▶ **WORK REQUIRED**: Return the stretch from the line with "フロントにはこだわりのシェルボタンをあしらい上品で女性らしい雰囲気に。" through the line with "Содержит пять модулей: требования" in the data below, character for character, skipping all pictures.

▶ **DATASET CONTENT**:
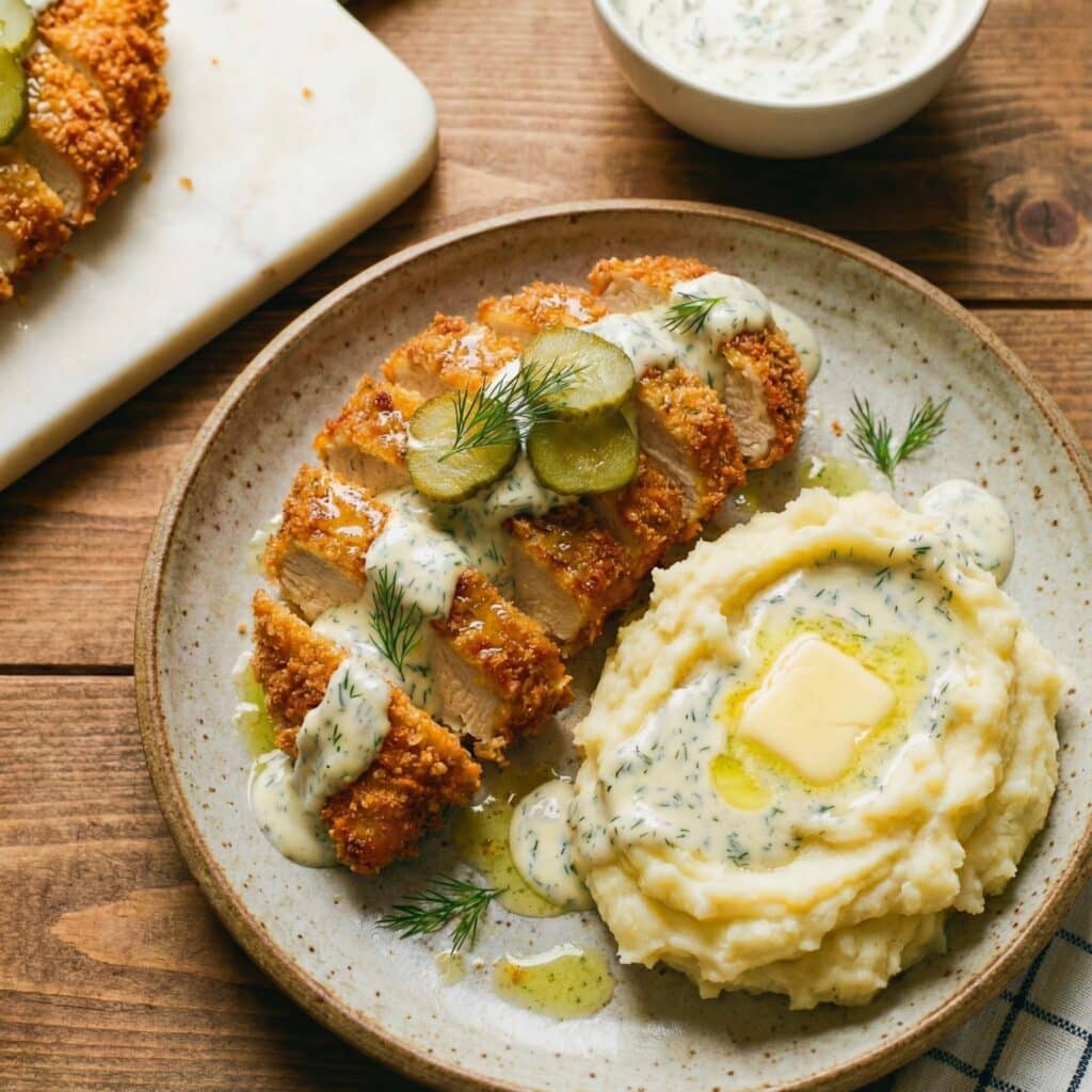 - Rest and Serve: Let the chicken rest for 5 minutes before serving to keep the juices in. Top with fresh dill and chopped pickles.
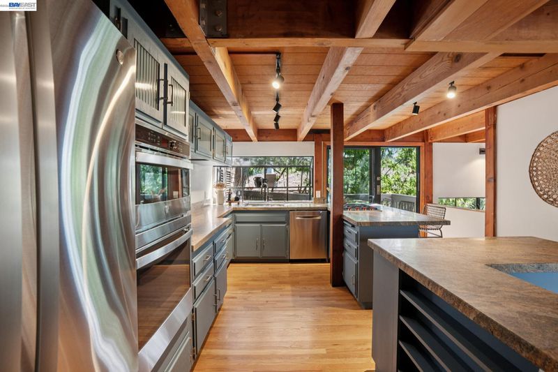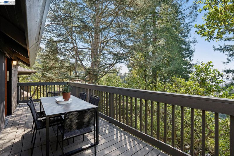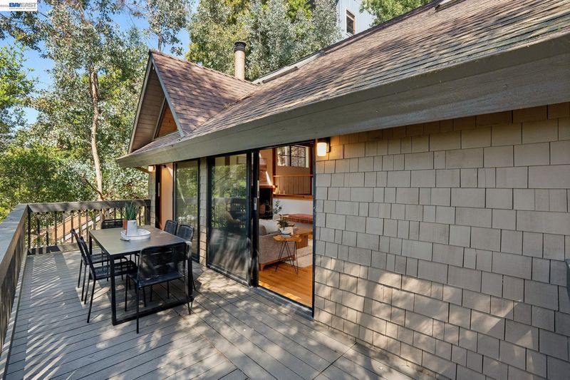 Tucked among the trees in the lower North Berkeley Hills, this striking contemporary home offers a rare sense of privacy and calm. Designed to connect seamlessly with its natural setting, the residence features soaring ceilings, multiple skylights, and decks on every level that bring the outdoors in. Recent updates add a fresh, modern feel while preserving the warmth of natural wood, tile, and stone throughout the home. The entry level includes two generously sized bedrooms, an updated split bathroom, and a shared deck overlooking lush greenery. Upstairs, the main living level showcases a dramatic living room that opens to a wide front deck—an inviting space for entertaining or relaxing among the treetops. At the center of the home, the thoughtfully planned kitchen is equipped with granite countertops, a Wolf cooktop, and new stainless steel appliances installed in 2025. The top floor is devoted to a spacious primary suite featuring its own private deck, along with a neighboring office where a large picture window frames sweeping views of the San Francisco Bay. Set in a tranquil neighborhood known for its network of hidden pathways and nearby parks, the home also offers convenient access to North Berkeley’s renowned dining scene, UC Berkeley, and BART. BESO Energy Score: 3
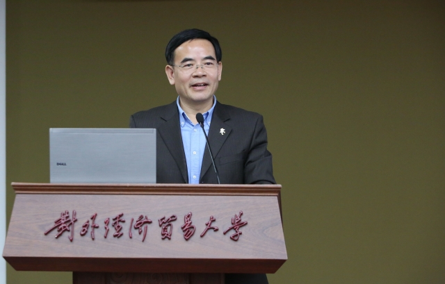 对外经贸大学党委书记蒋庆哲在报告会上讲话
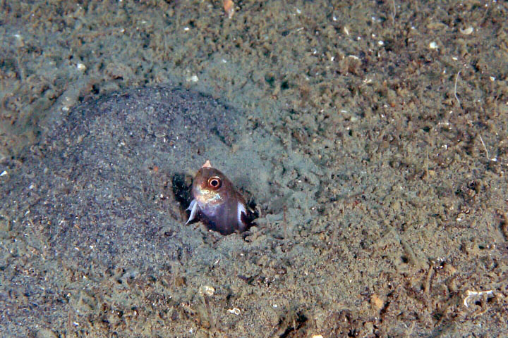 20cm前後のインドアカタチは、頻繁に巣穴の位置を変えるので、定点観察が難しいのですが、移動してもその周辺で見られることが多いので、同じ水深帯を海岸に対して平行に捜索すると遭遇することがあります
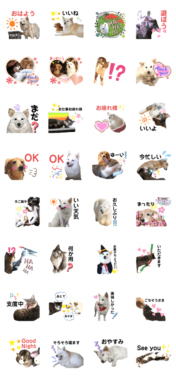 スタンプ説明 犬と猫の仲良しなライフ
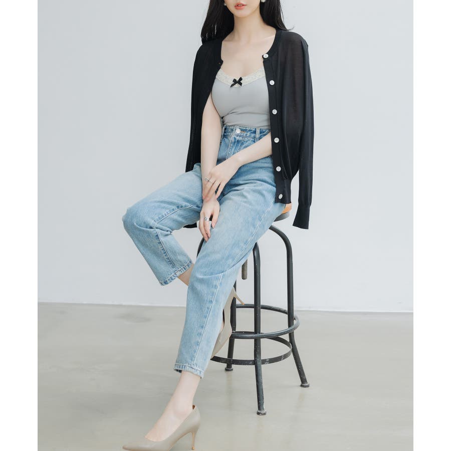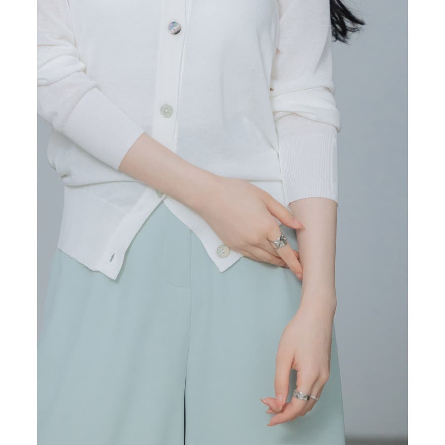 フロントにはこだわりのシェルボタンをあしらい上品で女性らしい雰囲気に。
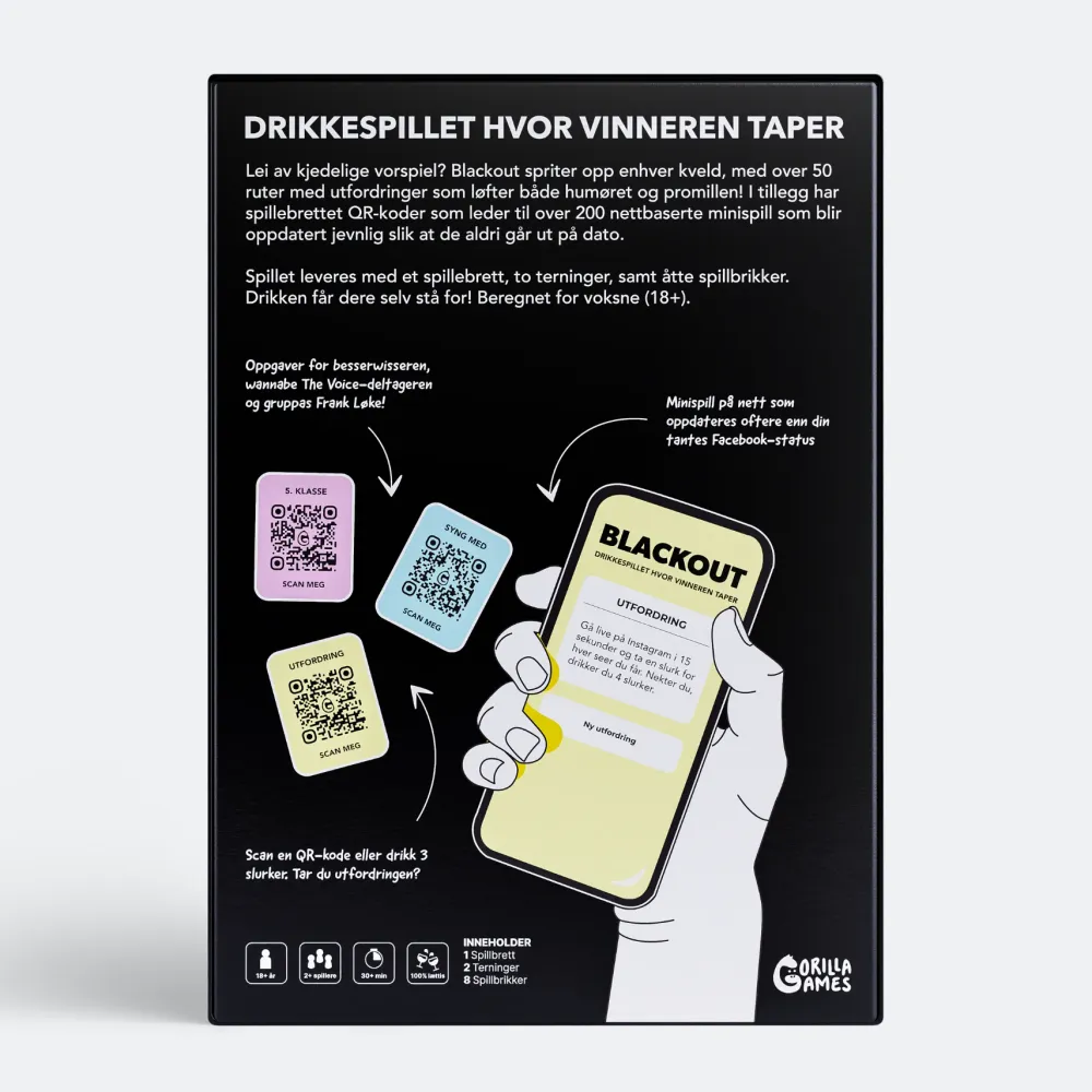 Lei av kjedelige vorspiel? Blackout spriter opp enhver kveld, med over 50 ruter med utfordringer som løfter både humøret og promillen! I tillegg har spillebrettet QR-koder som leder til over 200 nettbaserte minispill som blir oppdatert jevnlig slik at de aldri går ut på dato
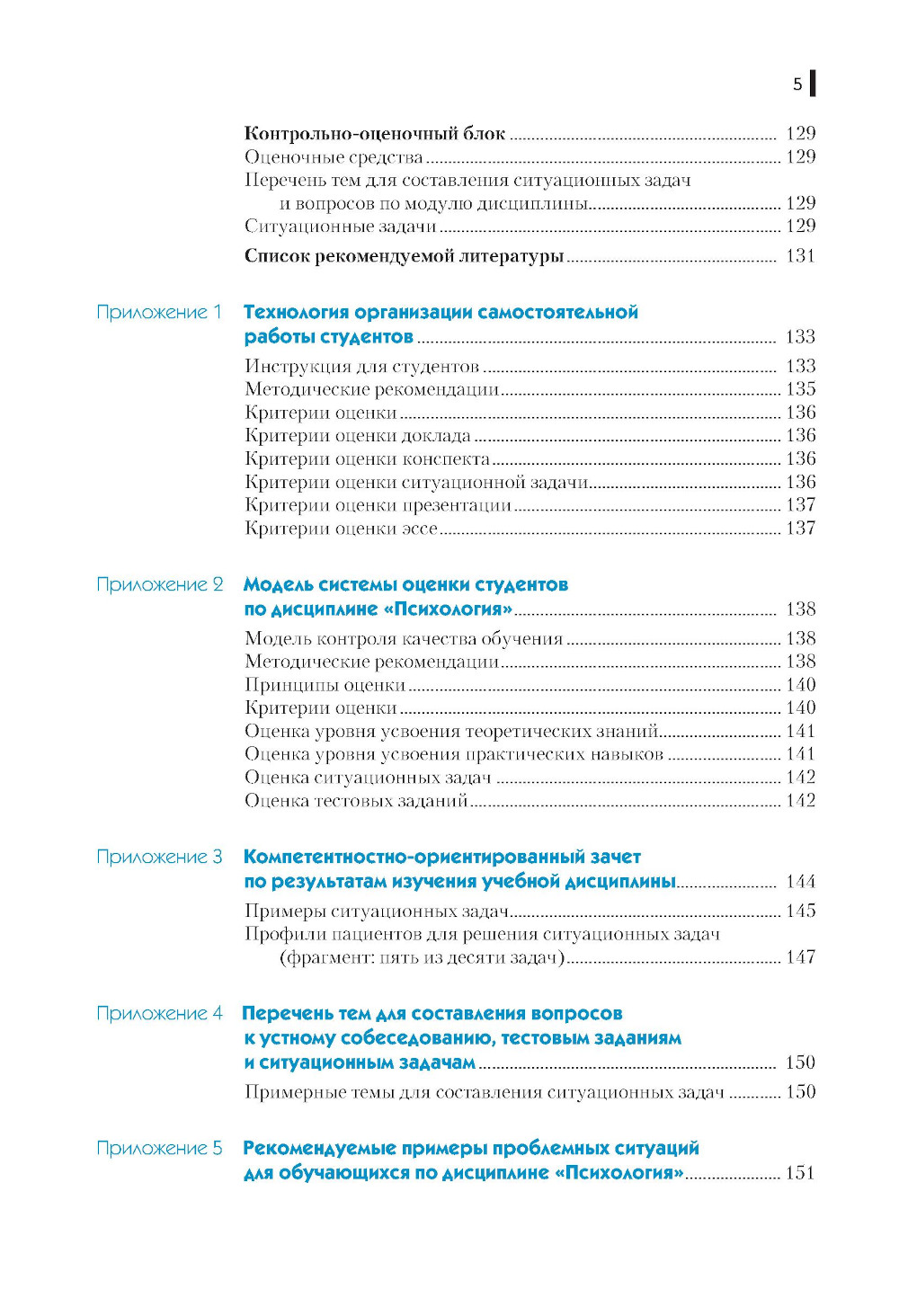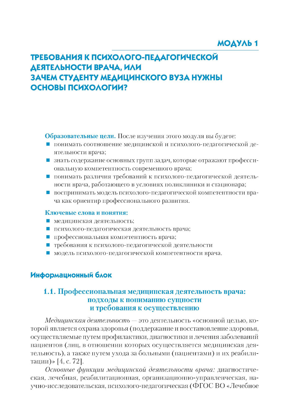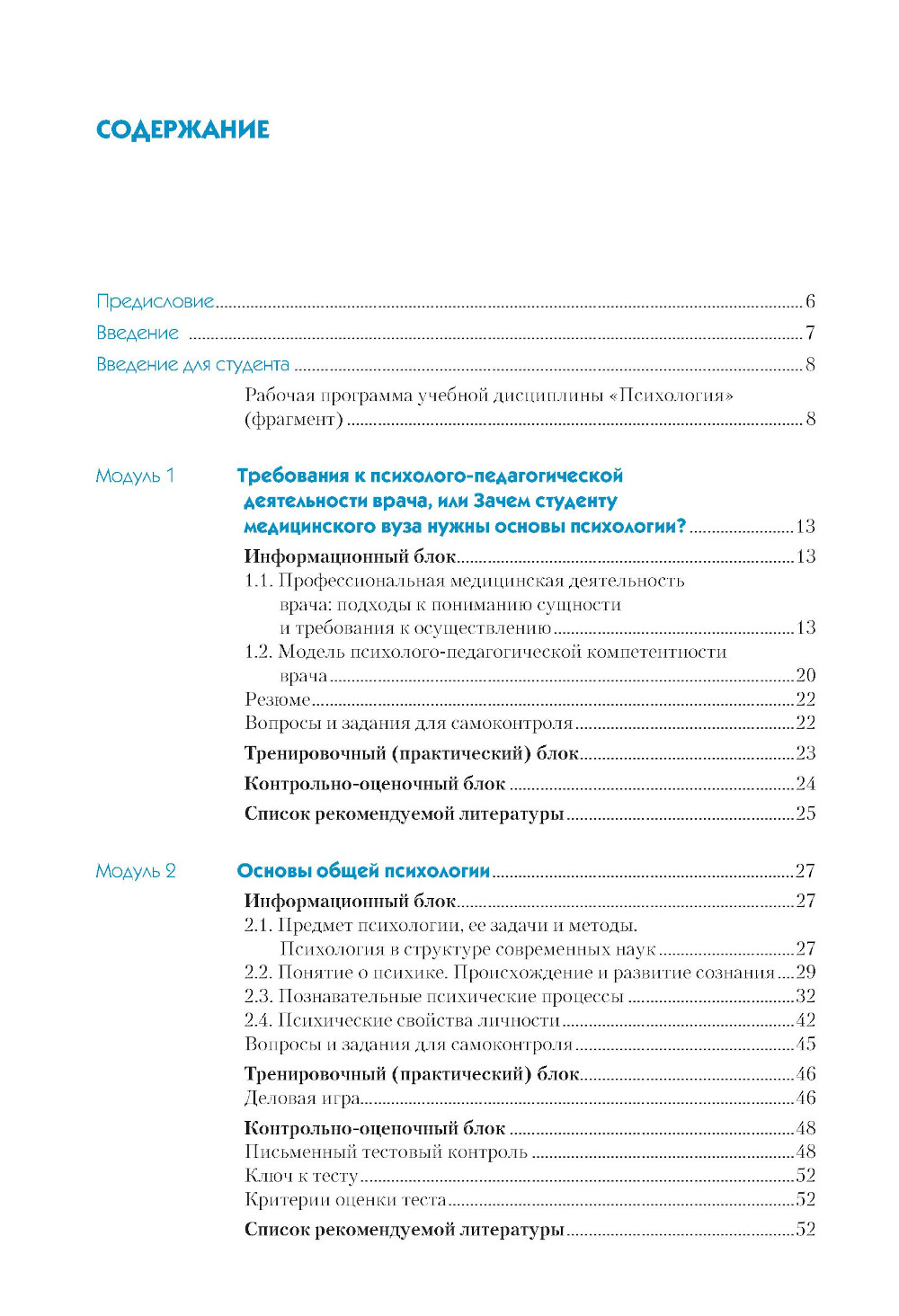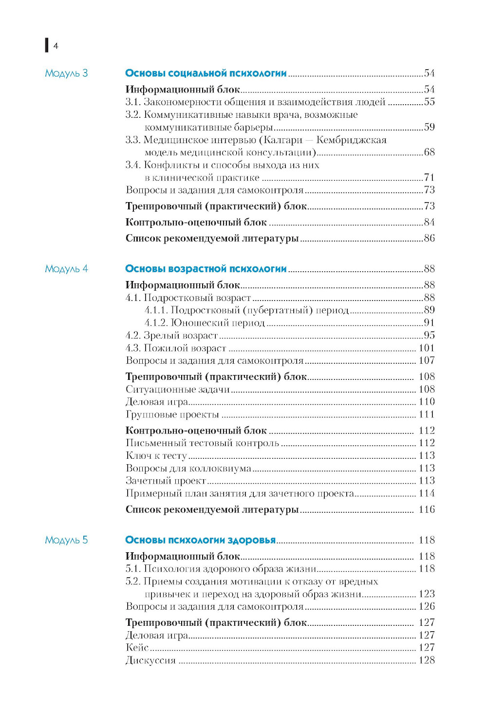 Содержит пять модулей: требования к психолого-педагогической деятельности врача; основы общей психологии; основы социальной психологии; основы возрастной психологии; основы психологии здоровья. Каждый модуль включает в себя информационный, тренировочный (практический) и контрольно-оценочный блоки, а также вопросы для самоконтроля и списки рекомендуемой литературы. Материал, в том числе ситуационные задачи, темы для проектов и рефератов, может быть использован в обучении ординаторов и врачей. Соответствует ФГОС ВО последнего поколения. Для студентов бакалавриата и специалитета медицинских вузов, изучающих дисциплину «Психология».| Издательство | КноРус |
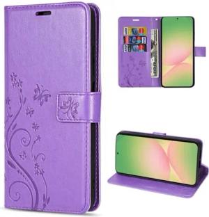Handyhülle kompatibel mit Samsung Galaxy A56 | Premium PU Leder Handy Hülle Wallet Case | Schutzhülle Blumen Klapphülle | Lila
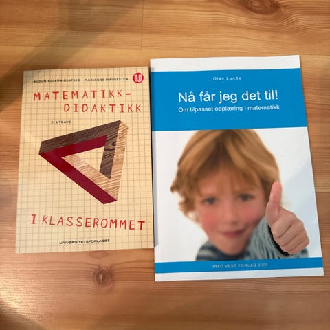 Matematikk for lærere 1 6. utgave 2018, Begynneropplæring matematikkdidaktikk barnetrinnet 2020. Tall og tanker 2 matematikkundervisning på 5-7 trinn 1. utgave 2019,

▶ **RESULT OF THE EXERCISE**:
 フロントにはこだわりのシェルボタンをあしらい上品で女性らしい雰囲気に。
 Lei av kjedelige vorspiel? Blackout spriter opp enhver kveld, med over 50 ruter med utfordringer som løfter både humøret og promillen! I tillegg har spillebrettet QR-koder som leder til over 200 nettbaserte minispill som blir oppdatert jevnlig slik at de aldri går ut på dato
 Содержит пять модулей: требования к психолого-педагогической деятельности врача; основы общей психологии; основы социальной психологии; основы возрастной психологии; основы психологии здоровья. Каждый модуль включает в себя информационный, тренировочный (практический) и контрольно-оценочный блоки, а также вопросы для самоконтроля и списки рекомендуемой литературы. Материал, в том числе ситуационные задачи, темы для проектов и рефератов, может быть использован в обучении ординаторов и врачей. Соответствует ФГОС ВО последнего поколения. Для студентов бакалавриата и специалитета медицинских вузов, изучающих дисциплину «Психология».| Издательство | КноРус |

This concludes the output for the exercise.